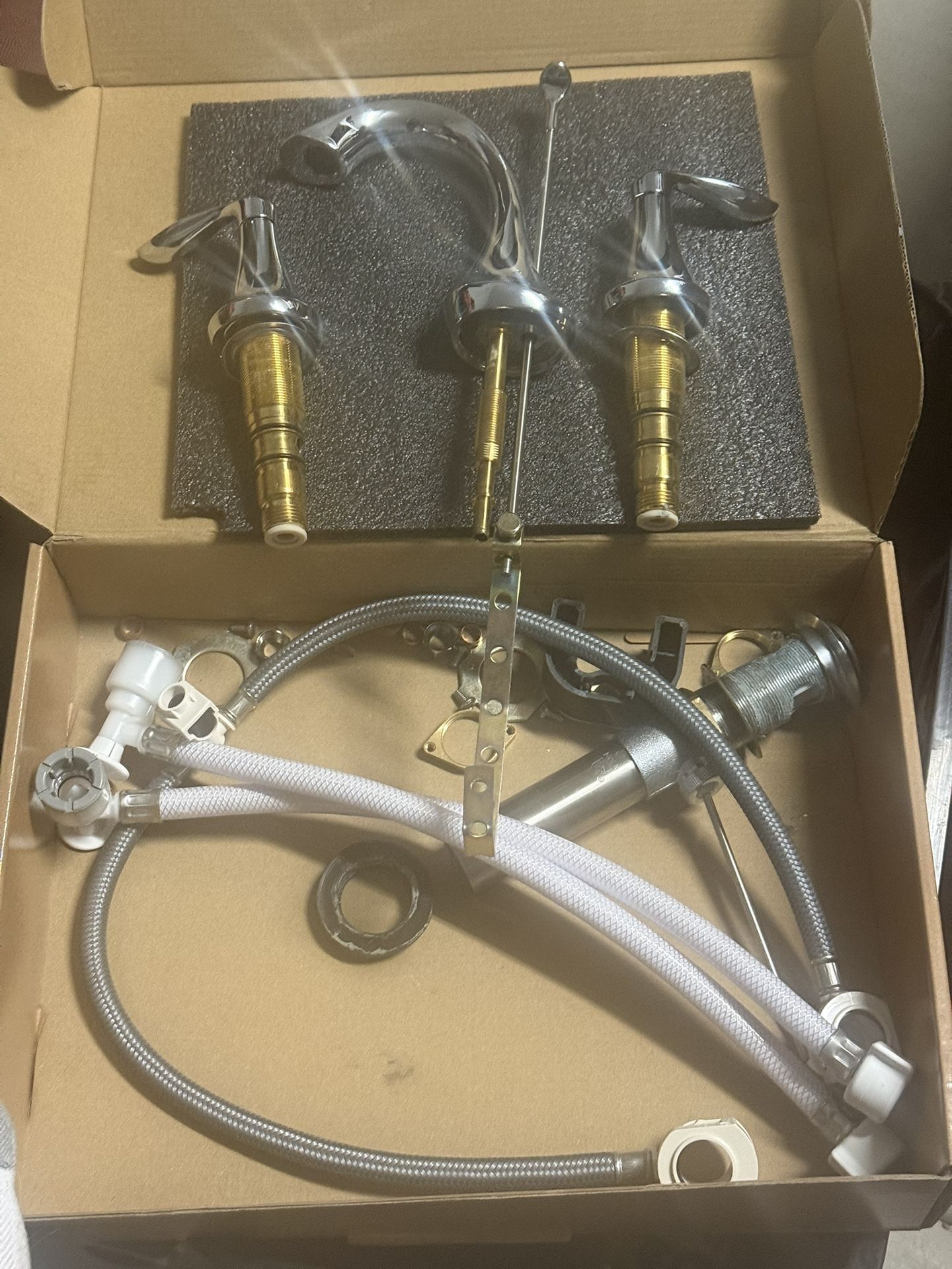 Selling our Moen chrome sink fixtures. Brand new. Came with our new home and we changed them out immediately to bronze. There’s 3 styles to choose from. One is a 3-piece set (spout and 2 handles are separate), another is a set where the spout and handles are one piece and comes with the drain plug, and then the last set is a single piece fixture but has no drain plug. Only asking $40 for the 3-piece set, $30 for the single piece set with the drain plug, and $25 for the set without a drain plug. Just make me an offer close and it’s yours. Please let me know if u are interested or have questions. Thank u.
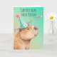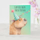 Skicka födelsedagsönskemål med en nypa sällsam charm! Detta personliga födelsedagskort med kapybara visar internetets favoritvarelse i festhumör - perfekt för djurälskare, memefans eller alla som uppskattar en avspänd fest. Om din kapybara nu har på sig en festhatt, blötlägger sig i ett badkar eller bara är bedårande lugn, detta kort ger en lekfull twist till vilken födelsedag som helst. Anpassa med mottagarens namn och meddelande på insidan för att göra det verkligen unikt. Det är det ultimata sättet att säga "Grattis på födelsedagen!" med personlighet och positivitet!
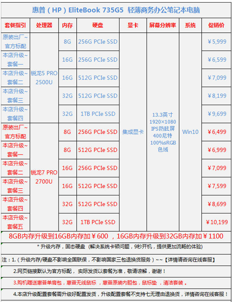 商品名称:惠普/HP EliteBook 13.3英寸轻薄笔记本电脑(锐龙5 PRO 2500U/锐龙7 PRO 2700U 100%sRGB一年上门 735G5
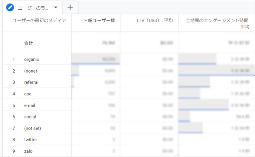 ユーザーのライフタイムは、ユーザーが初めて訪問した時点から、その後の行動データも含めて分析できるレポート形式です。このレポートでは、単一の訪問データだけではなく、ユーザーが繰り返し訪問したり、購入やその他のアクションを実行したりする長期的な価値(LTV: 顧客生涯価値)を確認できます。
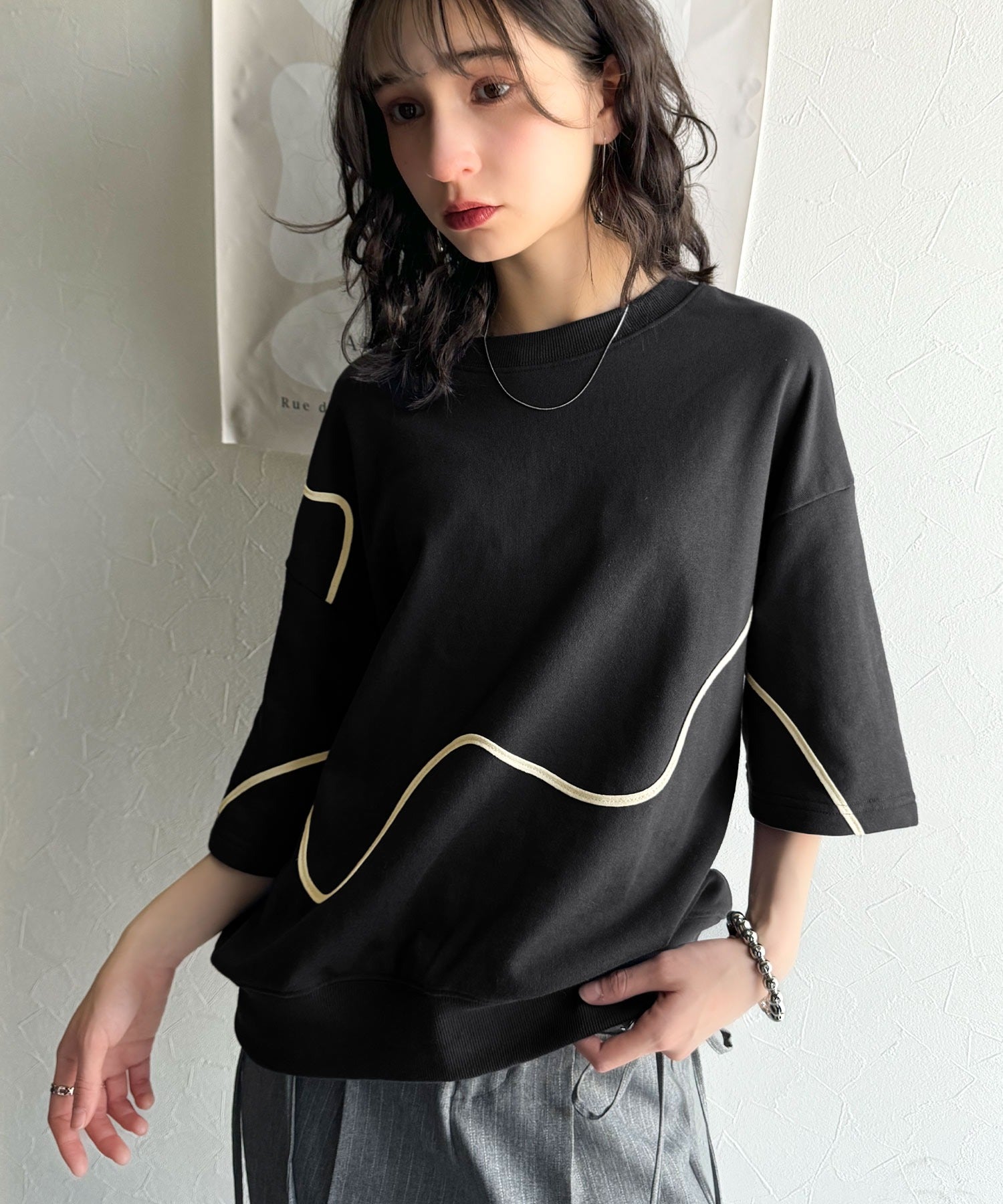 春夏の新定番!ウェーブコード刺繍ハーフスリーブpaeanトップス cm1260418
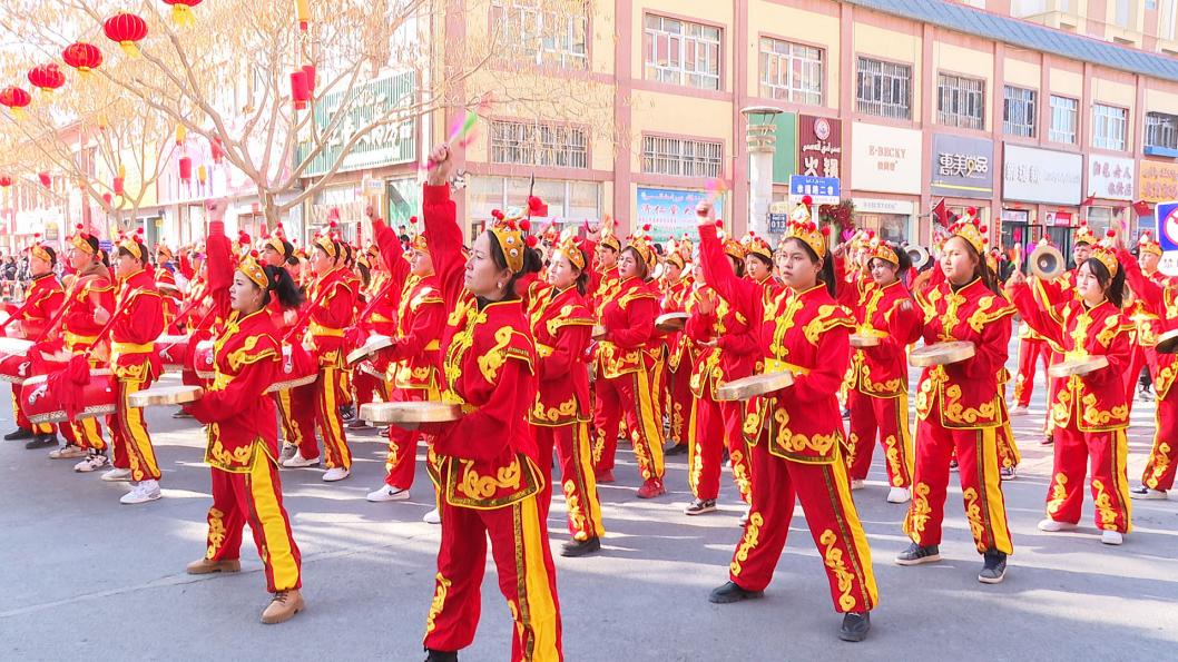 (图为表演社火的演员精神抖擞,动作整齐划一,让观众感受到了浓浓的年味儿 古丽迪雅尔·艾尼瓦尔 摄)

|---|

### What is required
Give the records above again in full and exactly, but exclude every picture.

### Written solution
 Selling our Moen chrome sink fixtures. Brand new. Came with our new home and we changed them out immediately to bronze. There’s 3 styles to choose from. One is a 3-piece set (spout and 2 handles are separate), another is a set where the spout and handles are one piece and comes with the drain plug, and then the last set is a single piece fixture but has no drain plug. Only asking $40 for the 3-piece set, $30 for the single piece set with the drain plug, and $25 for the set without a drain plug. Just make me an offer close and it’s yours. Please let me know if u are interested or have questions. Thank u.
 Skicka födelsedagsönskemål med en nypa sällsam charm! Detta personliga födelsedagskort med kapybara visar internetets favoritvarelse i festhumör - perfekt för djurälskare, memefans eller alla som uppskattar en avspänd fest. Om din kapybara nu har på sig en festhatt, blötlägger sig i ett badkar eller bara är bedårande lugn, detta kort ger en lekfull twist till vilken födelsedag som helst. Anpassa med mottagarens namn och meddelande på insidan för att göra det verkligen unikt. Det är det ultimata sättet att säga "Grattis på födelsedagen!" med personlighet och positivitet!
 商品名称:惠普/HP EliteBook 13.3英寸轻薄笔记本电脑(锐龙5 PRO 2500U/锐龙7 PRO 2700U 100%sRGB一年上门 735G5
 ユーザーのライフタイムは、ユーザーが初めて訪問した時点から、その後の行動データも含めて分析できるレポート形式です。このレポートでは、単一の訪問データだけではなく、ユーザーが繰り返し訪問したり、購入やその他のアクションを実行したりする長期的な価値(LTV: 顧客生涯価値)を確認できます。
 春夏の新定番!ウェーブコード刺繍ハーフスリーブpaeanトップス cm1260418
 (图为表演社火的演员精神抖擞,动作整齐划一,让观众感受到了浓浓的年味儿 古丽迪雅尔·艾尼瓦尔 摄)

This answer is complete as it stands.